AI Advice - refactoring - row6

This is the full AI Advice output from sp_BlitzCache's refactoring personality, analyzing usp_ProcessCustomerStaging. The statement analyzed was FETCH NEXT FROM cur INTO @StagingID, @CustomerID, @Name, @Email, @City.

Summary

Current proc usp_ProcessCustomerStaging uses a client-style cursor + WHILE loop and does a per-row IF EXISTS → UPDATE/INSERT and then updates the staging row. This causes repeated single-row lookups, many context switches, and row-by-row DML.

I converted the logic into set-based operations: compute one "effective" row per customer (the latest staging row per CustomerID), run a single UPDATE then a single INSERT for the new customers, and mark all processed staging rows in one set-based UPDATE. This preserves the end-state produced by the original procedure (Customer table reflects the last staging row per CustomerID; all staging rows that were Processed = 0 are set to 1).

Findings (from the plan + query text)

  • Cursor + row-by-row loop over CustomerStaging where Processed = 0.
  • For each row:
    • A single-row EXISTS check against Customer (clustered index seek).
    • Either an UPDATE or an INSERT into Customer (clustered index operations).
    • Then UPDATE CustomerStaging SET Processed = 1 for the current StagingID.
  • Plan shows many repeated seeks and single-row operations. The plan also shows a clustered index scan of CustomerStaging to feed the cursor.

Why this is inefficient

Row-by-row processing (RBAR): Each staging row results in its own network/CPU/context switch and separate DML. For N rows this produces O(N) round trips inside SQL engine internals and repeated index seeks/updates instead of a few set-based operations.

Repeated single-row lookups: The EXISTS check does a clustered index seek per staging row.

Many separate UPDATE/INSERT operations: Increase logging/locking overhead vs. grouping changes into a few batch operations.

Cursors are generally non-scalable: Memory and CPU usage per row rises with more rows and concurrency.

Plan warnings (Cursor; optimistic; dynamic; multiple plans) confirm the cursor usage and plan instability risk.

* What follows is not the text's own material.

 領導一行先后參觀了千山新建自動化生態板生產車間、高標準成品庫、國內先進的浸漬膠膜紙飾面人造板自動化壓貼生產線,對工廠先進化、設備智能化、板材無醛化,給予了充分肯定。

Behavioral considerations to preserve original behavior

The original procedure processes staging rows in the cursor order (clustered PK order by StagingID). If there are multiple staging rows for the same CustomerID, the last one processed (largest StagingID) determines the final Customer.* values in the original.

The original marks every staging row processed (Processed = 1), not just the last per CustomerID.

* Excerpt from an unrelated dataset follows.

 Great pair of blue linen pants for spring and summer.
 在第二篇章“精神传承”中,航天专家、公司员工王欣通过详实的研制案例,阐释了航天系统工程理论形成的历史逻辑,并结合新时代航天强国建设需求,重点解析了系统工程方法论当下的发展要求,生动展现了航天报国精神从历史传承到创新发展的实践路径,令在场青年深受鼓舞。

GETDATE() in the original is called per row; the set-based option will use GETDATE() at statement evaluation time. If you need per-row distinct LastUpdated timestamps corresponding to each sequential row-processing time, that requires more complex logic; usually capturing a single timestamp for the batch is acceptable and consistent with typical refactors.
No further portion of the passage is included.